TASK TO COMPLETE: In this exercise, the entries below include pictures. Repeat exactly the lines from the line with "Denne kule lampen" to the line with "Pen and Ink", including both, but without the pictures.
==== GIVEN INFORMATION
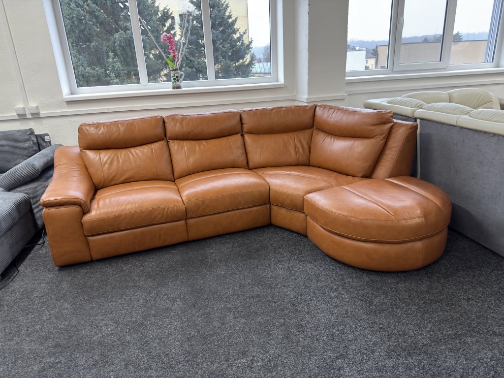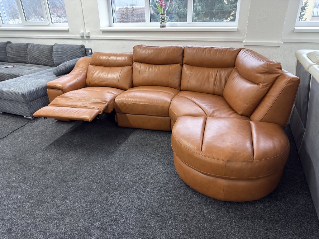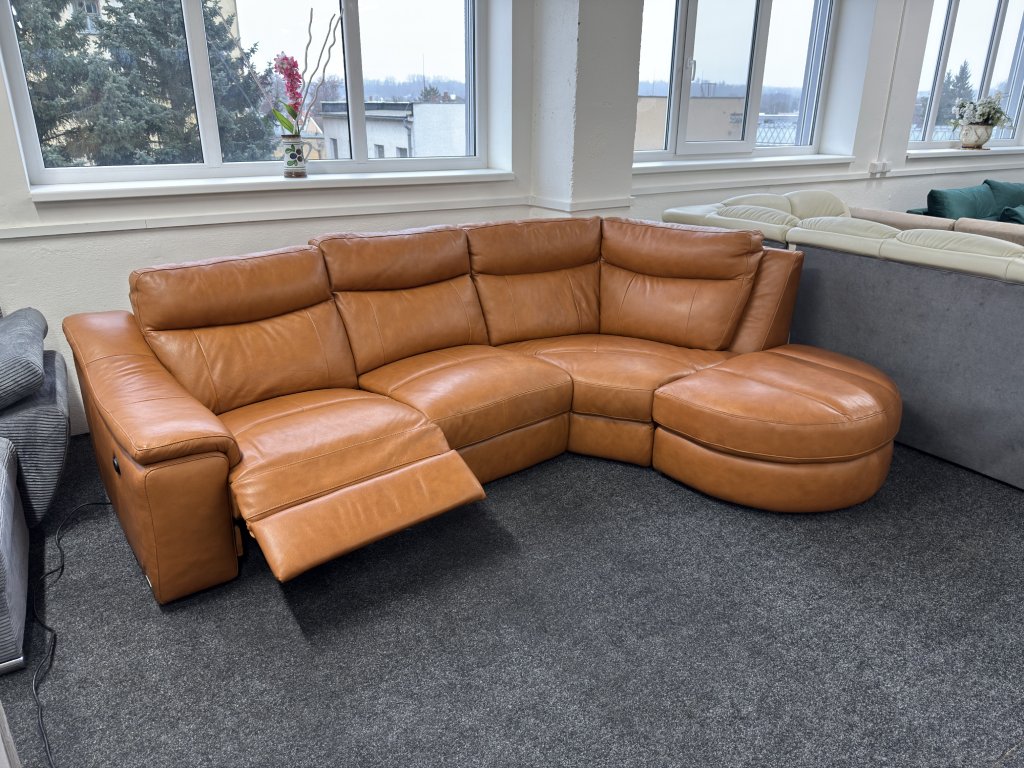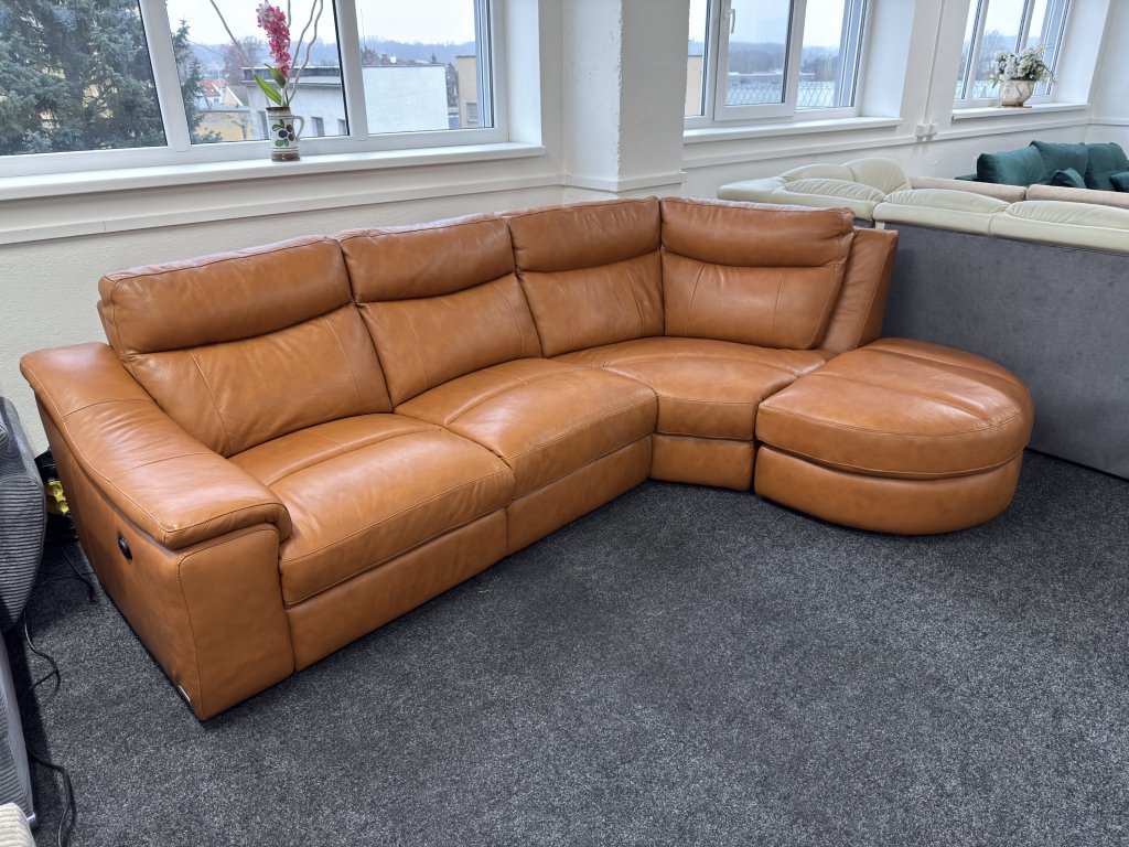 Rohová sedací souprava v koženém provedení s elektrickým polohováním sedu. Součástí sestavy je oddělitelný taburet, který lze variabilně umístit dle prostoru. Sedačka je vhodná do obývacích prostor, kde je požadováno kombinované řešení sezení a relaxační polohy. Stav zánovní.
========
==== GIVEN INFORMATION
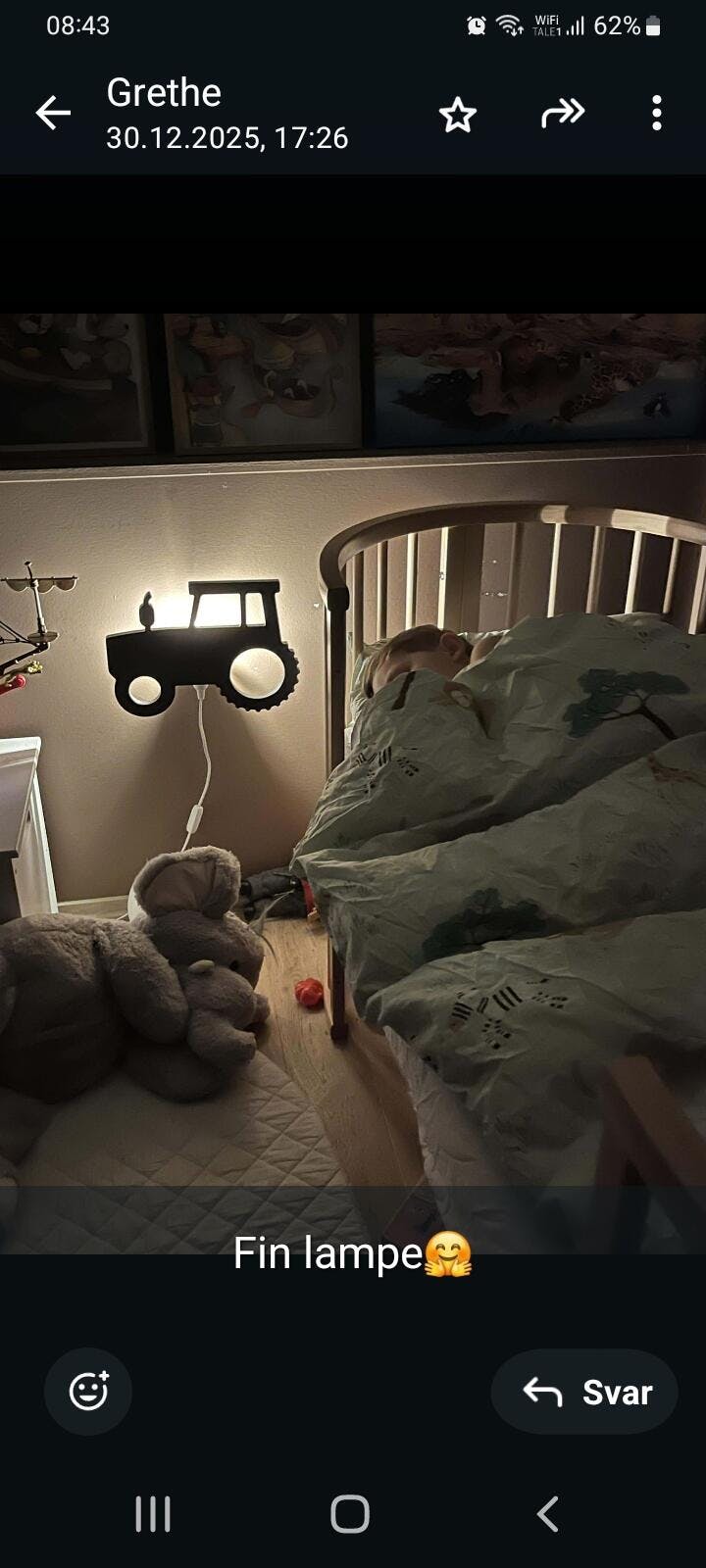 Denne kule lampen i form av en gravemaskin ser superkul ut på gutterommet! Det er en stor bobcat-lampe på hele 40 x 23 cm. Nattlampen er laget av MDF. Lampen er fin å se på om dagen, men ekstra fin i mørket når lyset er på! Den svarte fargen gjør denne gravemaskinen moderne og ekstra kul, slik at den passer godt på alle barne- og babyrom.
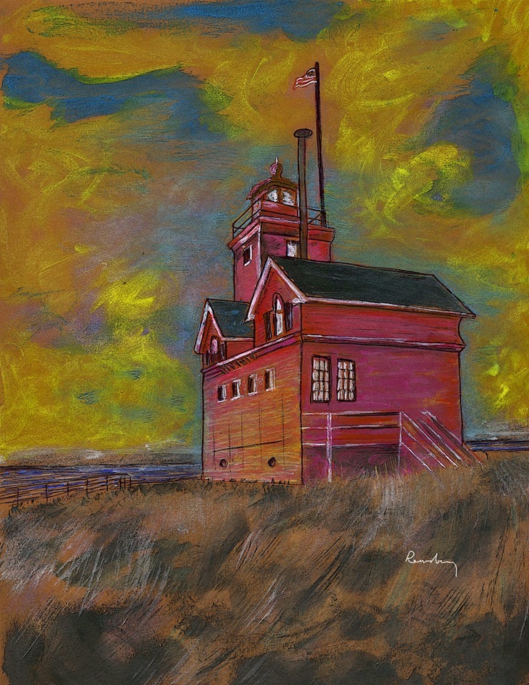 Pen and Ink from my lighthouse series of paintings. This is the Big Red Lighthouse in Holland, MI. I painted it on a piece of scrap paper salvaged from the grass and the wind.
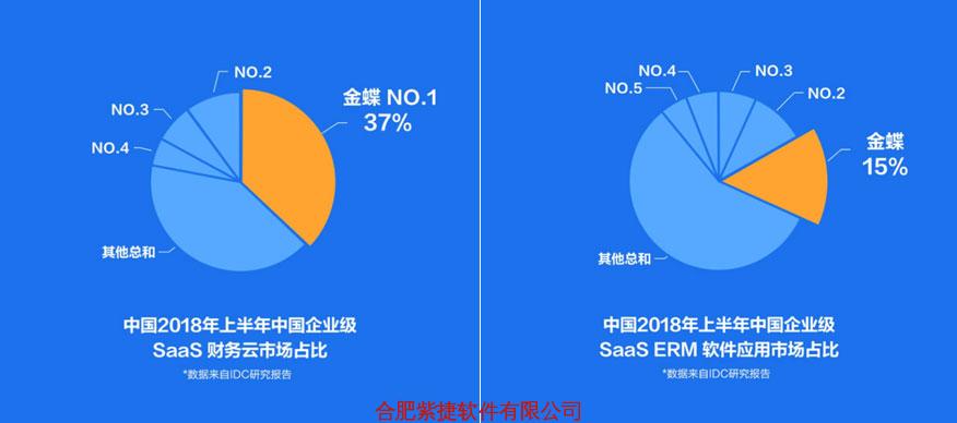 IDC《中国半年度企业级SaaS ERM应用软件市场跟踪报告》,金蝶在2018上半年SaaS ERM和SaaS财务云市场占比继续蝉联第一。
========
TASK ANSWER:
 Denne kule lampen i form av en gravemaskin ser superkul ut på gutterommet! Det er en stor bobcat-lampe på hele 40 x 23 cm. Nattlampen er laget av MDF. Lampen er fin å se på om dagen, men ekstra fin i mørket når lyset er på! Den svarte fargen gjør denne gravemaskinen moderne og ekstra kul, slik at den passer godt på alle barne- og babyrom.
 Pen and Ink from my lighthouse series of paintings. This is the Big Red Lighthouse in Holland, MI. I painted it on a piece of scrap paper salvaged from the grass and the wind.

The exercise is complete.